Your instructions
When copying the data below, keep only the lines from the one with "ひらがなの学習を終えた1年生" through the one with "Perfect ใครสมบูรณ์แบบบ้างเหรอ ถ้ากล้าพอจะมาวิจารณ์คนอื่น", word for word, and skip the pictures.

------------

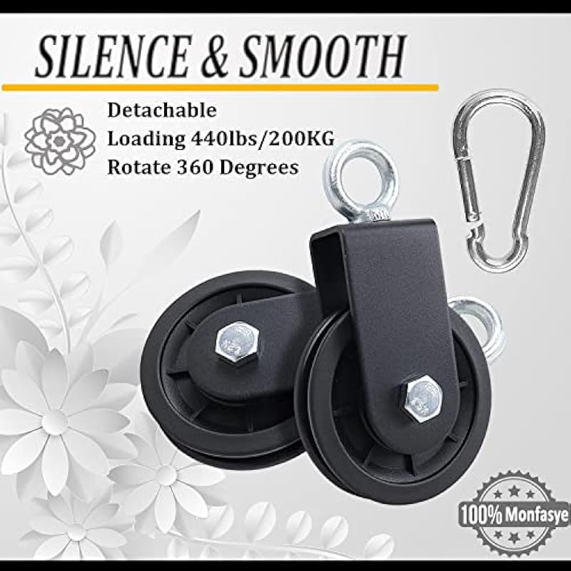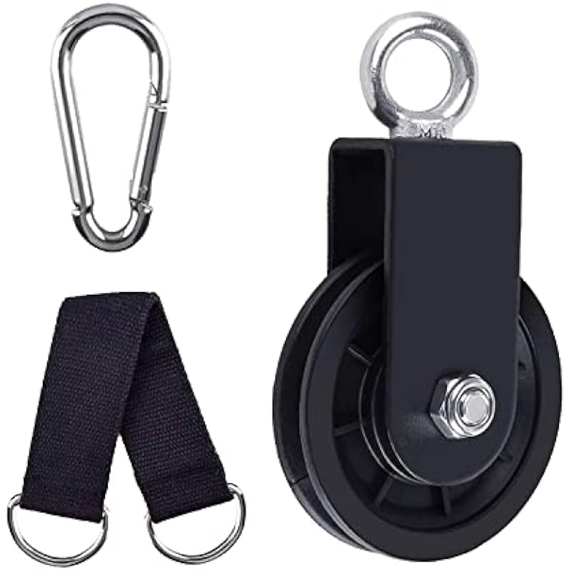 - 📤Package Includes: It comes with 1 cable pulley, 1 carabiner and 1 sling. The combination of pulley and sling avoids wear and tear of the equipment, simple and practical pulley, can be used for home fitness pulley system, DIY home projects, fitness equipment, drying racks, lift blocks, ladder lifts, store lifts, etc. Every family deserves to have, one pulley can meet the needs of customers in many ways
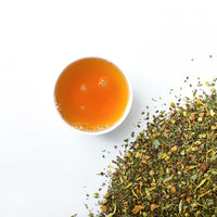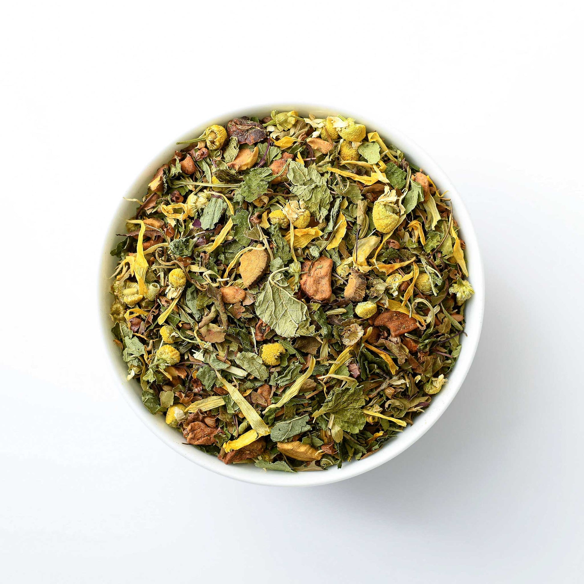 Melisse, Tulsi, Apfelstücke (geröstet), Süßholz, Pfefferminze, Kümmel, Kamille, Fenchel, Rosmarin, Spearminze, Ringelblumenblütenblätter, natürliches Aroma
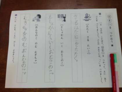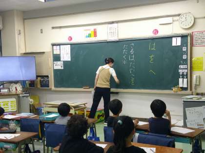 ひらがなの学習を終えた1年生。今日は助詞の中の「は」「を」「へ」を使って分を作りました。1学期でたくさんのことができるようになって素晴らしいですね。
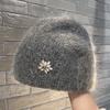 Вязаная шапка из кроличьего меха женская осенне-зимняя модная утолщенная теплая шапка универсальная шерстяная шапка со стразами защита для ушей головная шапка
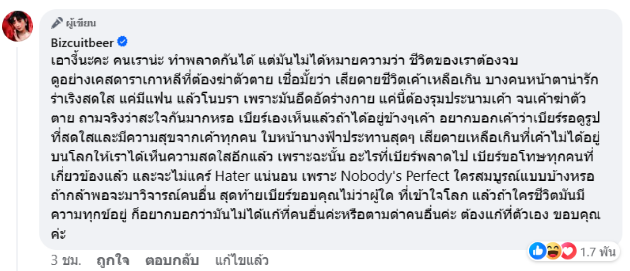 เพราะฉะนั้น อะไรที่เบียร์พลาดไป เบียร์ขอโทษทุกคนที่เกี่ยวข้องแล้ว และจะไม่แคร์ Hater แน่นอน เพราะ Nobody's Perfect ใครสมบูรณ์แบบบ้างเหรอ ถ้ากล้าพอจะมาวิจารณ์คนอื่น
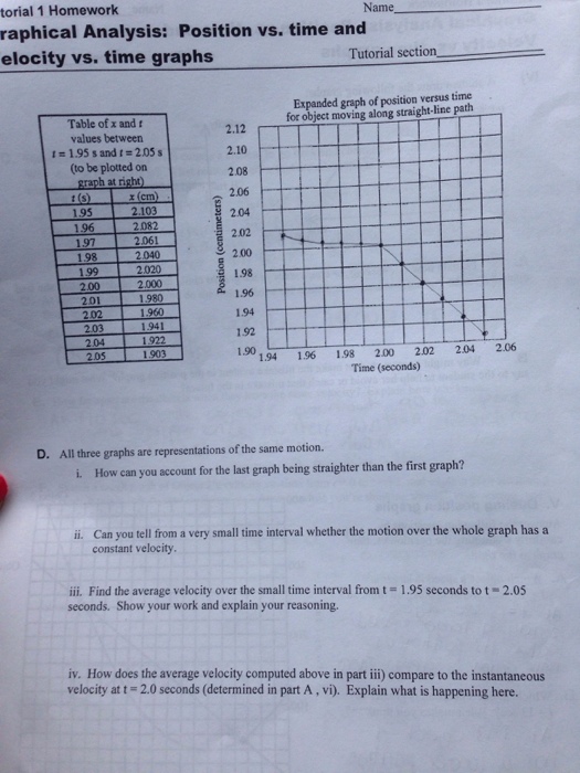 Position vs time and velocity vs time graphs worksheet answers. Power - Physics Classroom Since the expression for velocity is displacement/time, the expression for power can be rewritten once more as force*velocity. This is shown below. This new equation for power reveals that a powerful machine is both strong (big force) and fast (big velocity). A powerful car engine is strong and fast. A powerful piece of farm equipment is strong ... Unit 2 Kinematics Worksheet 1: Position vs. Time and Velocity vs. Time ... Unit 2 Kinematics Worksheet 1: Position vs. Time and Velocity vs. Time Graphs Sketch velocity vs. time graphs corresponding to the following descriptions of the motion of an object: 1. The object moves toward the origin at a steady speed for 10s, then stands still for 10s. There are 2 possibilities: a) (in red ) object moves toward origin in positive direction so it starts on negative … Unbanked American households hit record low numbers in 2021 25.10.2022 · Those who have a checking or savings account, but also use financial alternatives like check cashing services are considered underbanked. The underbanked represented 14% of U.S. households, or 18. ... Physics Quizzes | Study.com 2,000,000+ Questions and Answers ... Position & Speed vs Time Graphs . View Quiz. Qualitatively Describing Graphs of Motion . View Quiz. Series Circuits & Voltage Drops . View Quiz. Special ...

------------

Written solution
 ひらがなの学習を終えた1年生。今日は助詞の中の「は」「を」「へ」を使って分を作りました。1学期でたくさんのことができるようになって素晴らしいですね。
 Вязаная шапка из кроличьего меха женская осенне-зимняя модная утолщенная теплая шапка универсальная шерстяная шапка со стразами защита для ушей головная шапка
 เพราะฉะนั้น อะไรที่เบียร์พลาดไป เบียร์ขอโทษทุกคนที่เกี่ยวข้องแล้ว และจะไม่แคร์ Hater แน่นอน เพราะ Nobody's Perfect ใครสมบูรณ์แบบบ้างเหรอ ถ้ากล้าพอจะมาวิจารณ์คนอื่น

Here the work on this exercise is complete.